- Born: New Delhi, India
- Citizenship: United States
- Education: Birla Institute of Technology and Science, Pilani University of Illinois at Urbana-Champaign Stanford University
- Spouse: Delphine Khanna
- Scientific career
- Fields: Theoretical computer science
- Thesis: A Structural View of Approximation (1996)
- Doctoral advisor: Rajeev Motwani
- Doctoral students: Wang-Chiew Tan

= Sanjeev Khanna =

Indian-American computer scientist

Sanjeev Khanna is an Indian-American computer scientist. He is currently a professor of Computer Science at New York University. His research interests include approximation algorithms, hardness of approximation, combinatorial optimization, and sublinear algorithms.
== Career ==
Khanna received his undergraduate degrees in computer science and economics from Birla Institute of Technology and Science, Pilani, India in 1990, his M.S. degree in computer science from University of Illinois at Urbana-Champaign in 1992, and his doctoral degree in computer science from Stanford University, California, US in 1996. He joined University of Pennsylvania in 1999 after spending three years as a member of the Mathematical Sciences Research center at Bell Laboratories. In 2026, he joined New York University.

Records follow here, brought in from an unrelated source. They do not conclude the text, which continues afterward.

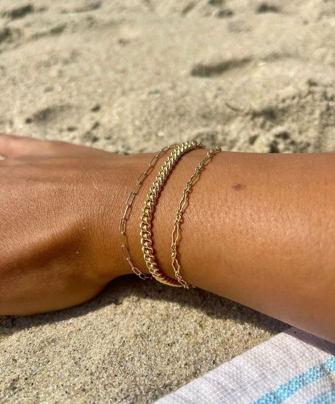 Whether you are looking for a dainty minimalistic chain, or a thick statement piece, Forever Golden’s array of over 50 chain options provide a little something special for everyone! We offer a selection of 14 Karat Gold-Filled and Sterling Silver Chains, made to withstand daily wear. Forever Golden Permanent Bracelets were designed to be stacked, add a new piece to your wrist each time you visit us at our store in Brielle, NJ to create the ultimate Forever Golden Bracelet Stack.
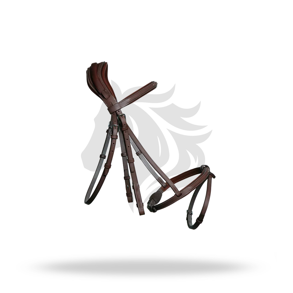 บังเหียนแบบฝรั่งเศสทรง Anatomical พร้อมสายรัดจมูกแบบแฟนซี ตกแต่งด้วยการเย็บอย่างประณีต ขนาดมาตรฐานสำหรับม้า ให้ความสบายในการขี่
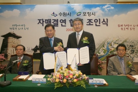 | ▲ 포항시-수원시 자매결연 조인식 | ||

== Research contribution and awards ==
Khanna's primary research contributions are to the fields of approximation algorithms, hardness of approximation, combinatorial optimization, and sublinear algorithms. His doctoral work at Stanford University, "A Structural View of Approximation", received the 1996 Arthur Samuel prize for the best PhD dissertation in the Computer Science Department. He is a Guggenheim Fellow (2007) and a Sloan Fellow (2000). He is also a recipient of S. Reid Warren, Jr. and Lindback awards for distinguished teaching at University of Pennsylvania.

He serves on the Editorial board of Foundations and Trends in Theoretical Computer Science, and has previously served on the editorial boards of SICOMP, ACM TALG, Algorithmica, JCSS, and as an area editor for Encyclopaedia of Algorithms.

In 2018, the Association for Computing Machinery named him an ACM Fellow for his contributions to approximation algorithms, hardness of approximation, and sublinear algorithms.